- **Exercise brief**: Your task is to copy the lines from the line containing "Handmade ceramic tray" through the end of the listing below, both included, without any pictures.

- **Dataset section**:
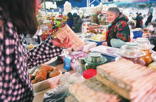 四川宜宾一家菜市场里卖豆腐的老阿姨笑得很灿烂,顾客手里拿着的是一张臭味千张。
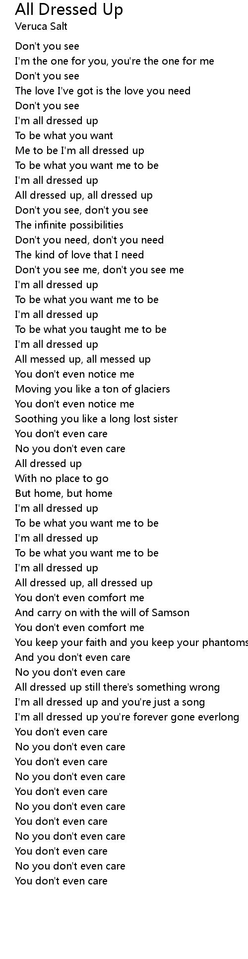 I'm all dressed up and you're just a song |
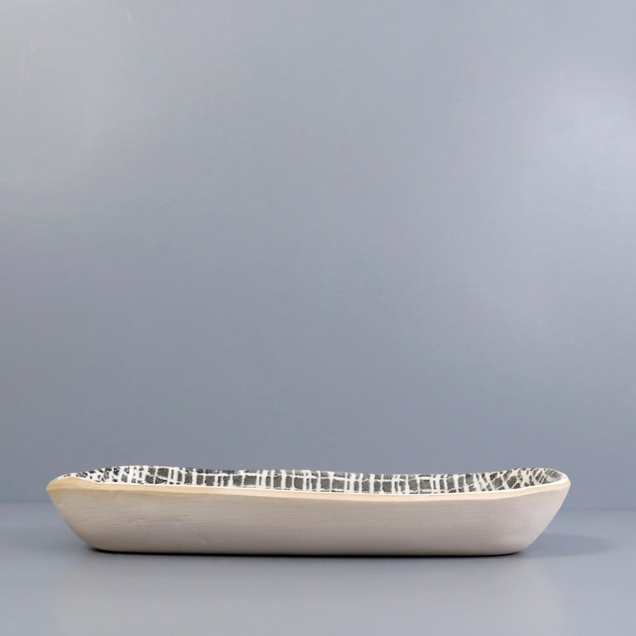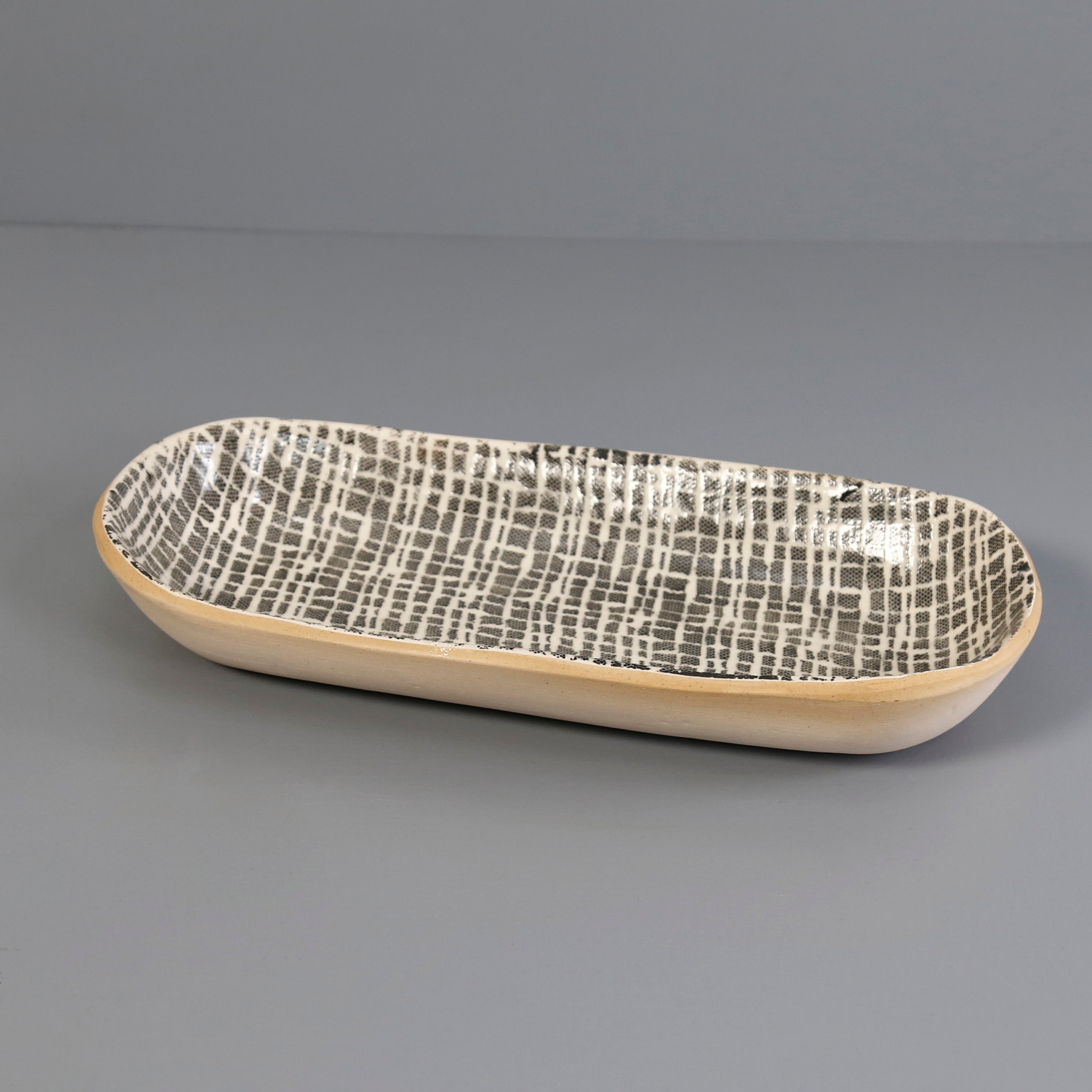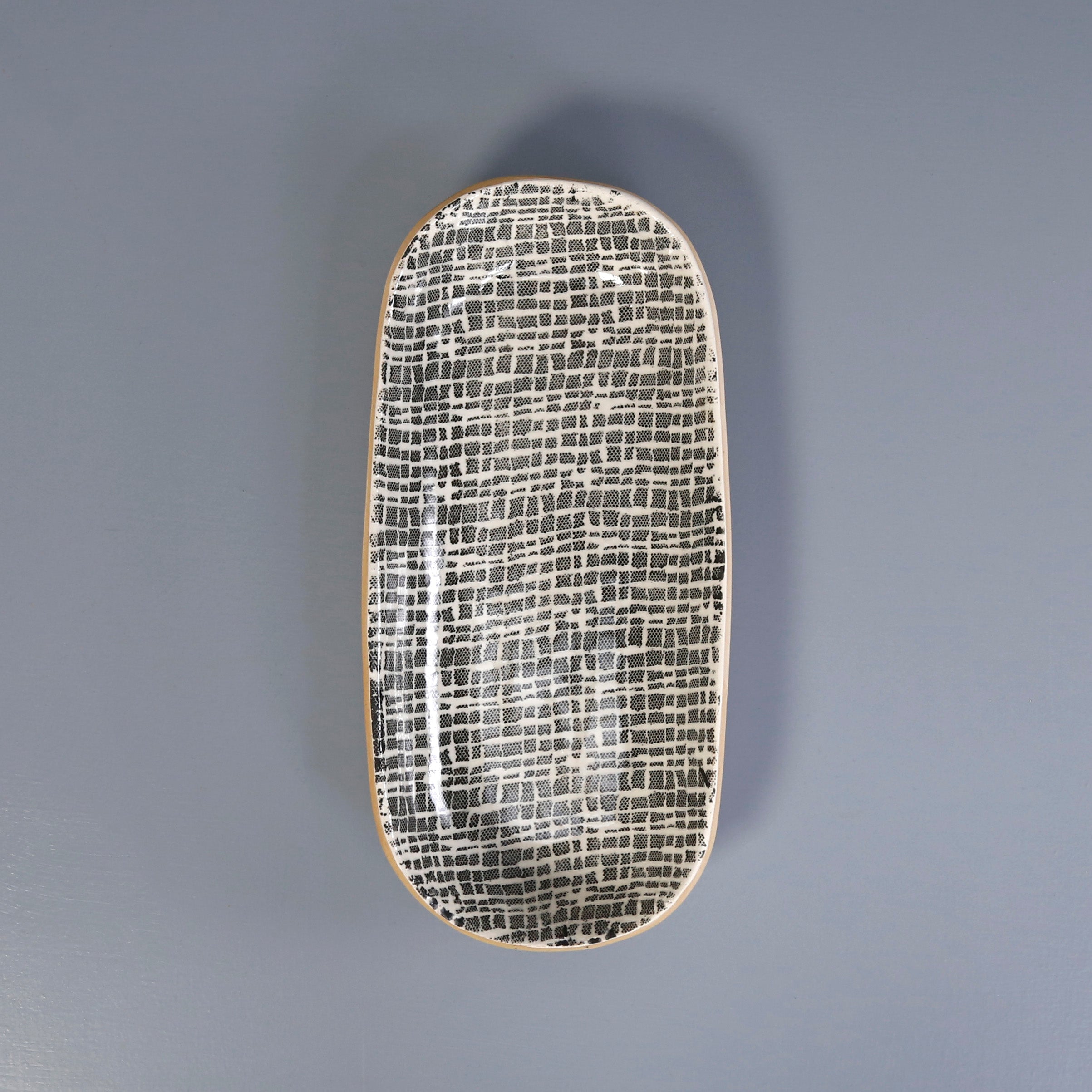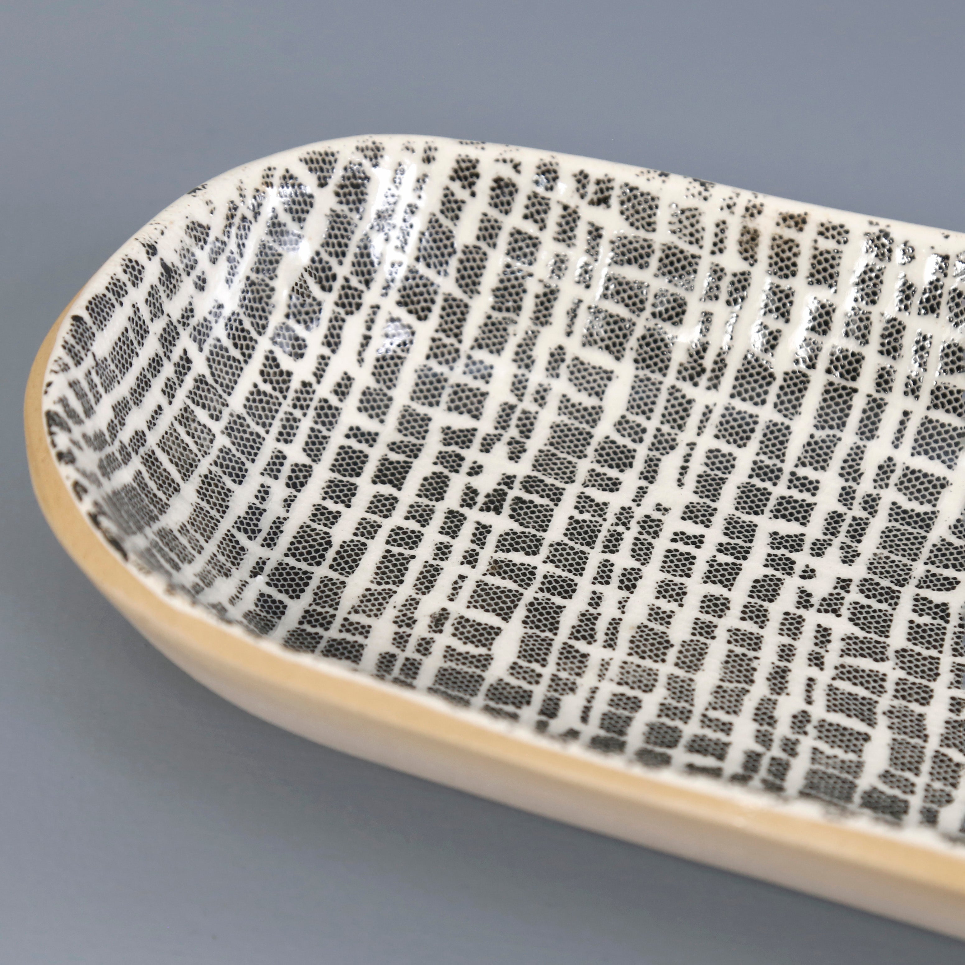 Handmade ceramic tray made using a unique process of glazing over lace and materials to create gorgeous designs and texture. Each piece is signed and dated on the bottom. Food safe.
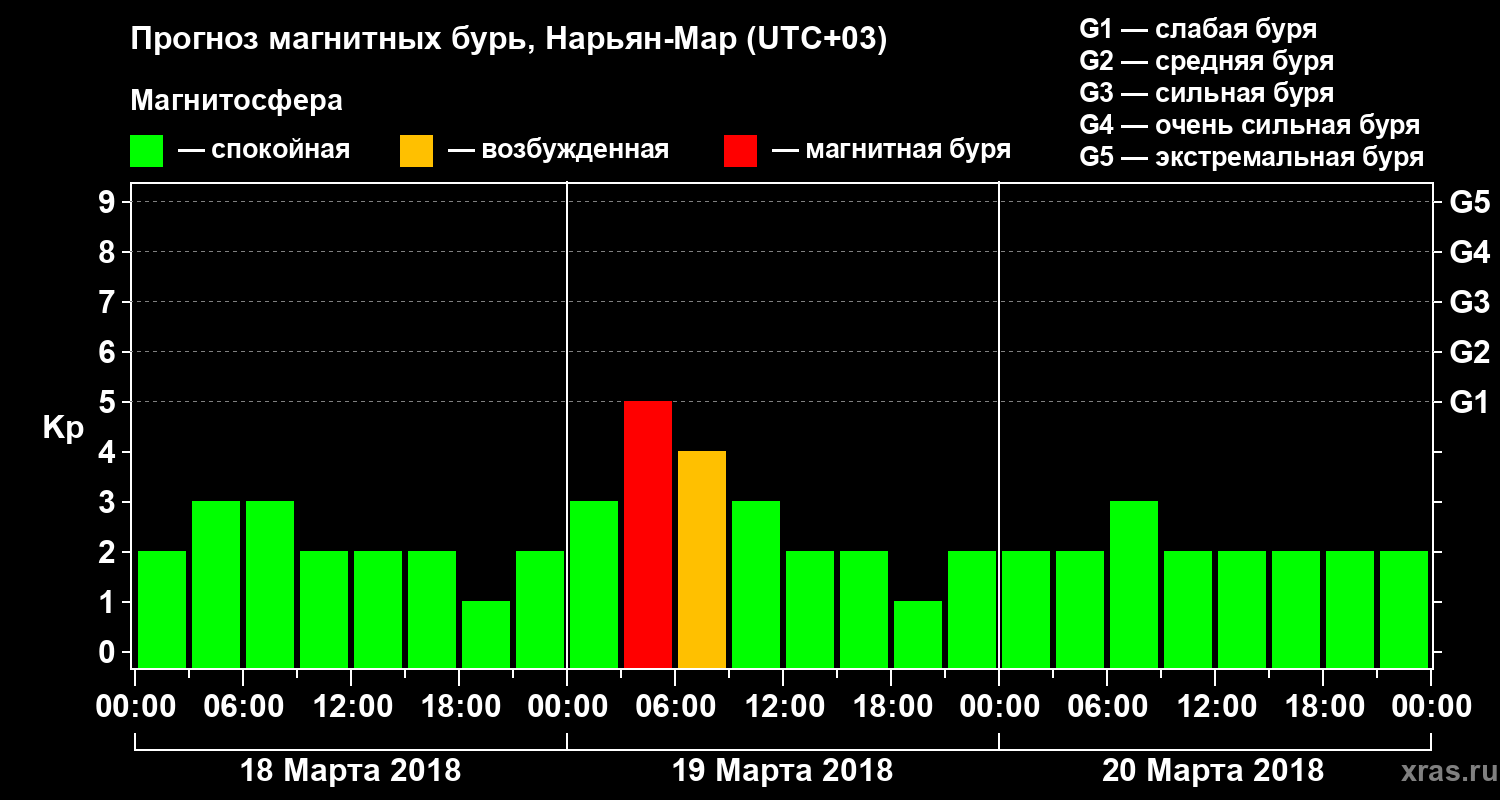 Прогноз магнитных бурь в Нарьян-Маре на 18 марта 2018 года

- **Solved exercise**:
 Handmade ceramic tray made using a unique process of glazing over lace and materials to create gorgeous designs and texture. Each piece is signed and dated on the bottom. Food safe.
 Прогноз магнитных бурь в Нарьян-Маре на 18 марта 2018 года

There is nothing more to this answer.